(MCT)—My dad warned me long ago about unrequited love.
It was more lament than warning, I suppose: “It’s hard to love something that doesn’t love you back,” he says.
We were talking about my cat, who was evil. It was hard to love that cat, so I didn’t. Problem solved.
My house is a different story. I fell fast and furious for this house and it has proven a needy, selfish partner since the day we met nine months ago.
First there was the soggy basement, which revealed itself to be not just leak-prone but also leak-damaged when we (and by “we,” I mean contractors) started peeling back layers of old drywall and carpet to refinish the space.
There was the washing machine, which appeared to have laundered as many clothes as my grandmother did in her 93 years and was equally weary of the task. The only way to coax it through an entire spin cycle was to place a 25-pound dumbbell on its lid, and even that stopped working after the first six loads.
There was the busted furnace.
And the family of rats living in the garage.
There was the frozen pipe the day after Christmas, and the other frozen pipe during January’s polar vortex—the pipe that grew bored of the whole exercise and burst at the seam.
There was—is, actually—the new water damage. So very much damage from that pipe that burst open and flooded our newly refinished basement. The drywall, the baseboards, the floors—all shot.

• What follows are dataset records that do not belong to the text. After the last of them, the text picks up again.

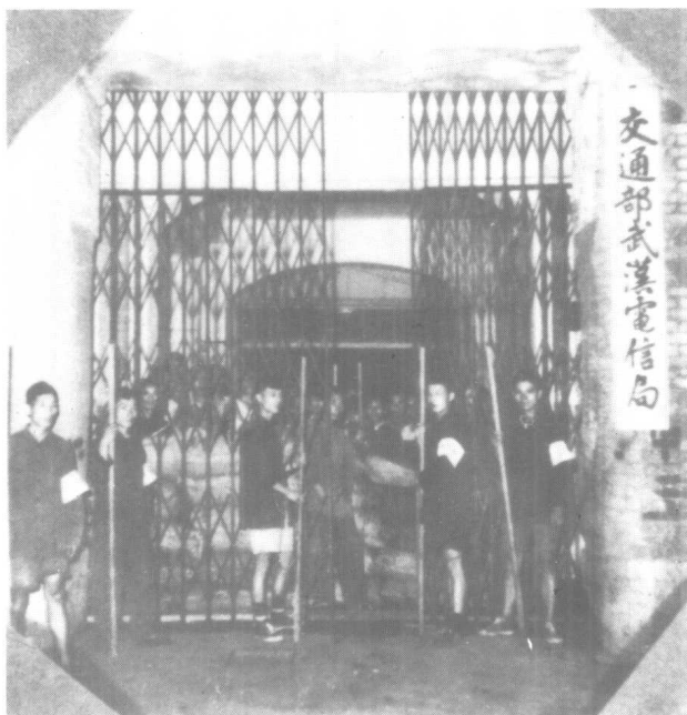
3、武汉电信局工人组织纠察队护厂，阻止敌人破坏电信设施，迎接人民解放军的到来。
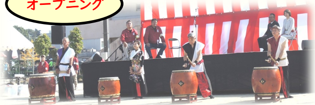
10年以上活動!「風林火山」のふれ太鼓
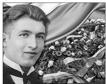
MEZINÁRODNÍ DEN STUDENTSTVA 17. LISTOPADU, 11.00 HLÁVKOVA KOLEJ V PRAZE

По данным на 10 ноября, в Чехии насчитывалось 397400 граждан Украины со статусом временной защиты. Год назад эта цифра составляла 384600, причём число детей уменьшается, а молодых мужчин,
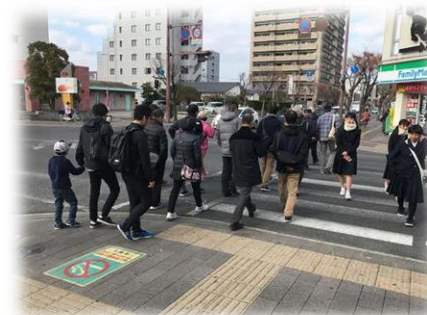
▲現地視察会で実際に歩いて、バスケットボール観戦
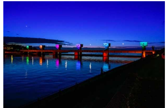
ライトアップされた新潟大堰

横田切れは、1896年(明治29年)7月22日に発生した、信濃川の堤防決壊による洪水です。数日間続いていた大雨により信濃川の水嵩が増大し、新潟県西蒲原郡横田村(現・燕市横田)の堤防をはじめ多くの堤防が決壊しました。これにより新潟市関屋までの広い範囲が浸水しました。
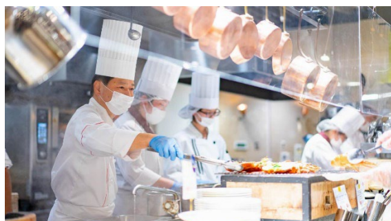
シーガイアのシェフがパインテラスに集結
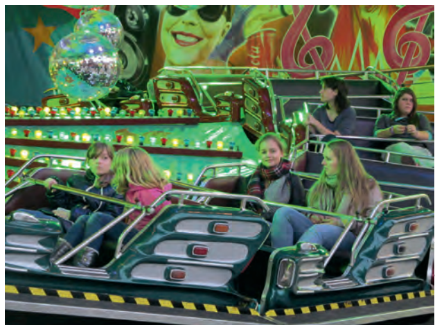
Spaß und gute Laune sind garantiert bei den zahlreichen Fahrgeschäften

Ab 18:00 Uhr startet wieder die stimmungsvolle Weinzeltparty mit Live-Musik.
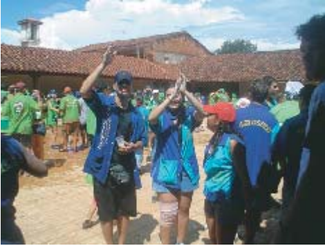
Fiesta de carnaval

2ª o 3ª semana de Febrero: Fiestas de Carnaval
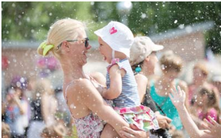
На карнавале взрослые могут почувствовать себя детьми

Эту карнавальную сборную готовили в нашем округе два месяца. В Центре детских и молодежных социальных инициатив «Крылья» (Покровское-Стрешнево) учились жонглировать, ходить на ходулях, играть на барабанах и делать арт-объекты
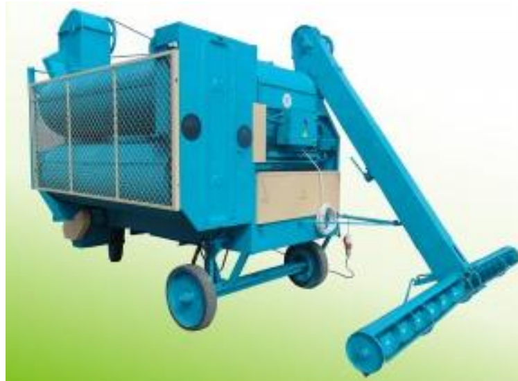
Рис. 3. Насіннеочисна машина СМ-4

різні режими сепарування. Режим очищення-сортування добирають до кожної культури окремо. Але в кожному конкретному випадку режим уточнюють, виходячи із фактичної чистоти і крупності зернівки, її вологості. Особливу увагу слід звернути на добір підсівних решіт, які є основними, оскільки визначають вихід і якість насіння та продовольчого зерна.
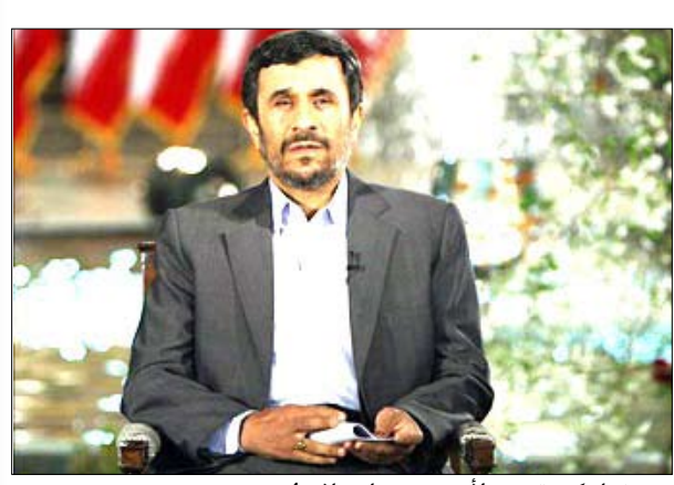
نجاد كرر تحديه لأي هجوم على بلاده

تهران/ 14 أكتوبر/ رويترز: تجاهل مرشد الجمهورية في إيران علي خامنئي دعوة الرئيس الأميركي باراك أوباما للحوار، وقال إن بلاده هزمت أعداءها، فيما توعد الرئيس الإيراني محمود أحمددي بنجاد بقطع يد من يحاول إيذاء الجمهورية الإسلامية. فقد قال علي خامنئي في رسالة متلفزة بمناسبة رأس السنة الفارسية إن «أعداء الجمهورية الإسلامية يركزون جهودهم كلها بعد مضي 30 عاما على محاولة هزيمة الثورة من الداخل». وأضاف أن «الأمم الإيرانية استطاعت هزيمة أعدائها بمقاومتها الاستثنائية وبقوتها وتصميمها». جاء ذلك بعد أن كرر الرئيس أوباما عبر رسالته صورة عرضها التقدم منذ عام للحوار مع طهران، وانتقاده الحكومة الإيرانية لما أسماه رفضها التعاون مع المجتمع الدولي بخصوص برنامجها النووي.
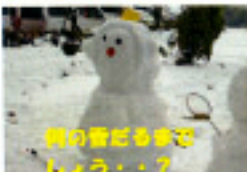
雪の雪だるまは しょう・？

愛泉園デイサービスセンター・生きがいデイサービス TEL 099-298-8331 FAX 099-298-7677
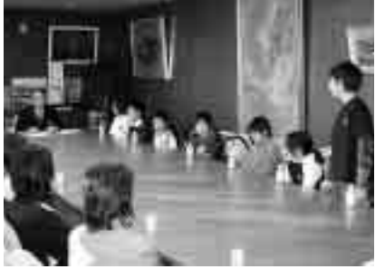
新松戸南小6年生の8人が市長室を訪れました

新年を迎え、はやひと月がたちましたが、北国では昨年から大寒波による豪雪の被害が多発しており、被災者の方々に対しては、お見舞い申し上げます。さて、昨年立ち上げた、もったいない運動 ワンスモ
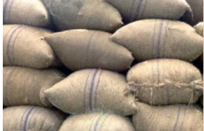
ಅಕ್ರಮ ಅಕ್ಕಿ ಸಾಗಾಣೆದಾರರಿಂದ ಹಣ ವಸೂಲಿ ಬಳಾರಿ ಎಸ್ ಪಿ ಗನ್‌ಮ್ಯಾನ್ ಬಂಧನ
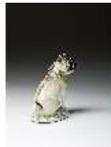
AnsRes.III,K, Größerer Mops, DI016170, BSV-
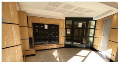
VILLETANEUSE. Dans une résidence fermée et sécurisée, bel appartement EN REZ DE JARDIN (73,85 m 2 ) de type 4 pièces, composé d'un séjour avec une belle cuisine ouverte équipée, 3 chambres donnant sur les terrasses, 1 salle de bains, un WC séparé, un dégagement avec placard. Ce bien est complété par une place de parking en sous-sol - 185 000 €
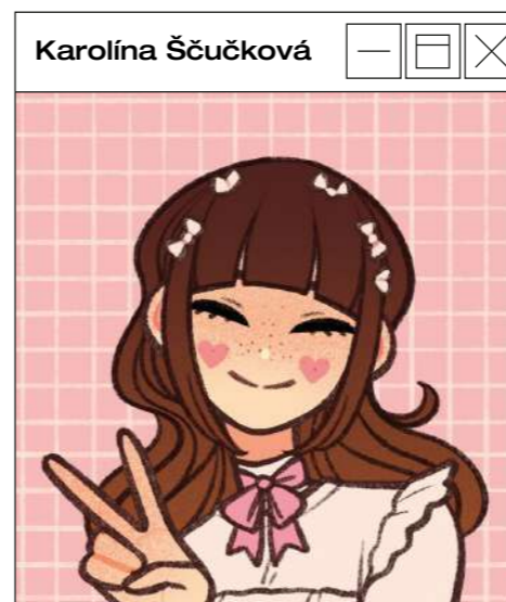
Hlavní Grafik Šéfredaktor

https://medium.com/yardcouch-com/the-dark-side-of-youtube-hidden-in-the-search-9a03ad37842c https://gingerweb.jp/timeless/person/article/20230128-imma https://www.podcastroku.cz/ https://www.ceskatelevize.cz/porady/14191464239-na-zachodcich/ https://picrew.me/en/image_maker/257476
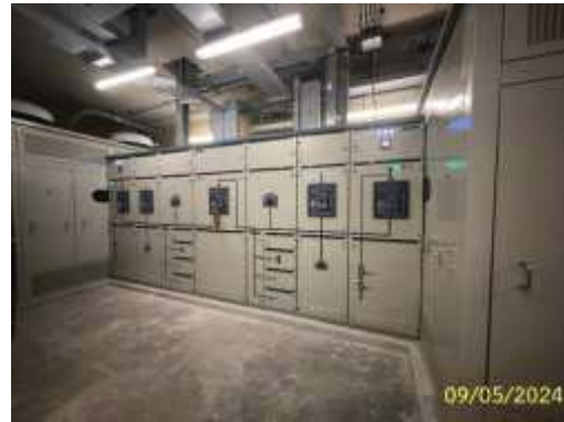
ระบบไฟฟ้าทั่วไป
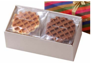
G線職人手焼きワッフル [10枚入り]

バター、ココア、ココナッツ 各3枚 箱サイズ: W310 × H50 × D110mm
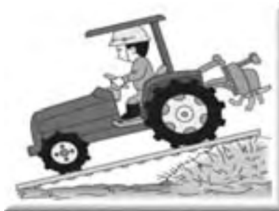
ほ場への出入りや畔越えは慎重に
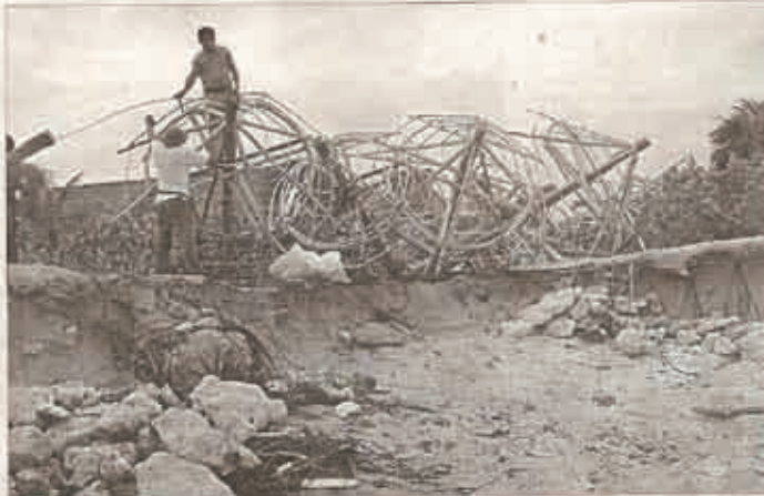
DETALLES. Empleados del Bahía Príncipe preparan las suntuillas para colocarlas en las playas.

En ese sentido, la delegada aseguró que se tomará tiempo en la empresa. Y que se van a realizar en los casos que sea necesario, todos los procedimientos contra cualquier que violente las reglas y afecte la ecología. No es el único lugar donde los grupos ecologistas han entablado denuncias por degradación, contra el manejo por cambio ilegal de uso de suelo de una zona forestal, así como por sobredensificación.

The dryer will quit next, I figure. We broke up a matching set when we replaced the weary washer, and the dryer has worked triple time since the flood, tackling every towel we own. (In addition to three children, boundless energy and eager hearts, we brought roughly six dozen towels each to our midlife marriage.)
Still, and through it all, I love this stupid house.
I love the way the transom windows in the kitchen reveal a beautiful tangle of branches from the emerald ash in our backyard. I love the welcoming window seat perched atop our living room radiator, and the winding, wooden staircase that leads to the tiny, cheerful bedrooms where my children nestle in for the night. I love waking up to the house in the morning and coming home to it in the evening.